He gained a beard and "flocked hair," lost his military edge, and,
in 1970, joined the G.I. Joe Adventure Team.
Now, just as Joe began to leave history behind, in various packaged
play sets he was linked up with his first real enemies, but they
weren't human. There was the tiger of the "White Tiger Hunt," the
mummy of "Secret of the Mummy's Tomb," as well as other assorted
carnivorous villains. For the first time, in those years of growing
adult confusion, some indication of plot, of what exactly a child
should do with these toys, began to be incorporated into titles
like "The Search for the Stolen Idol." Not only was Joe now an adventurer,
but his "adventure" was being crudely outlined on the packaging
that accompanied him.
This hipper new Joe had also begun to look suspiciously like the
antiwar opposition. By 1974, he had even gained a bit of an Asian
touch with his new "kung-fu grip." In 1976, under the pressure of
the increased cost of plastic (think first oil crisis here), he
shrank almost four inches, and soon after he vanished from the scene.
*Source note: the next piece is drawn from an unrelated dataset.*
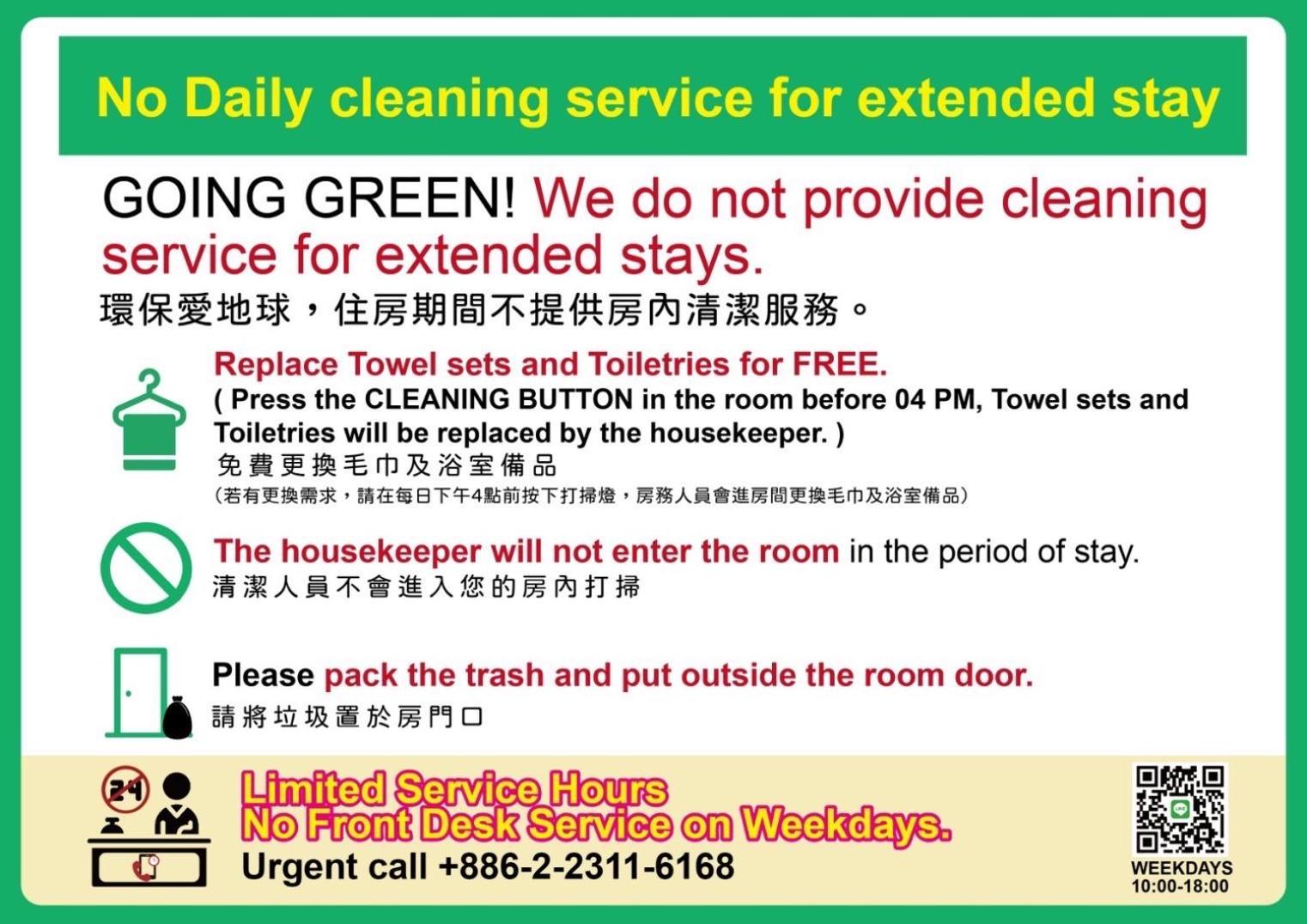 They don’t provide housekeeping service to clean up and tidy up the beds and room over my 4 nights stay. They only change the towels and clear the rubbish.

He was, according to Hasbro "furloughed," and as far as anyone then
knew, consigned to toy oblivion along with all those cowboys, Indians,
bluecoats and other historical figures.
In this, his fate was typical of what happened to the rest of child
culture in those years. It was as if Vietnamese sappers had reached
into the American homeland and blasted a story of battle triumph
almost 300 years in the making free of its ritualistic content;
as if the "Indians" of that moment had sent the cavalry into flight
and unsettled the West. In fact, no American entertainment form
could long have contained the story of a slow-motion defeat inflicted
by a non-white people in a frontier war. Instead, the forms simply
dematerialized as well.
By the time Saigon fell in 1975, children, like adults, existed
in a remarkably story-less, history-less realm which turned out
to be nothing but a boon for consumer culture, whose corporations
were ready indeed to set off for outer space, inner realms, Medieval
fantasy times, any place, in fact, that could produce product history
was incapable of assailing.
Joe
Faces Off Against "Terrorism": the 1980s
In 1977, George Lucas embraced the storylessness of the time. With
Star
Wars, he created his own self-enclosed universe in deepest
space and an amorphous movie past "in a galaxy far, far away." By
blasting war into outer space, he decontaminated it of its recent
history, his special effects giving the high-tech weaponry of Vietnam
a bloodless, sleekly unrecognizable new look. The blond Luke Skywalker
was barely introduced before his adoptive family high-tech
peasants on an obscure planet suffered its own little My
Lai at the hands of Darth Vader's Storm Troopers, and Luke set out
on an anti-imperial venture as a victim, not a victimizer.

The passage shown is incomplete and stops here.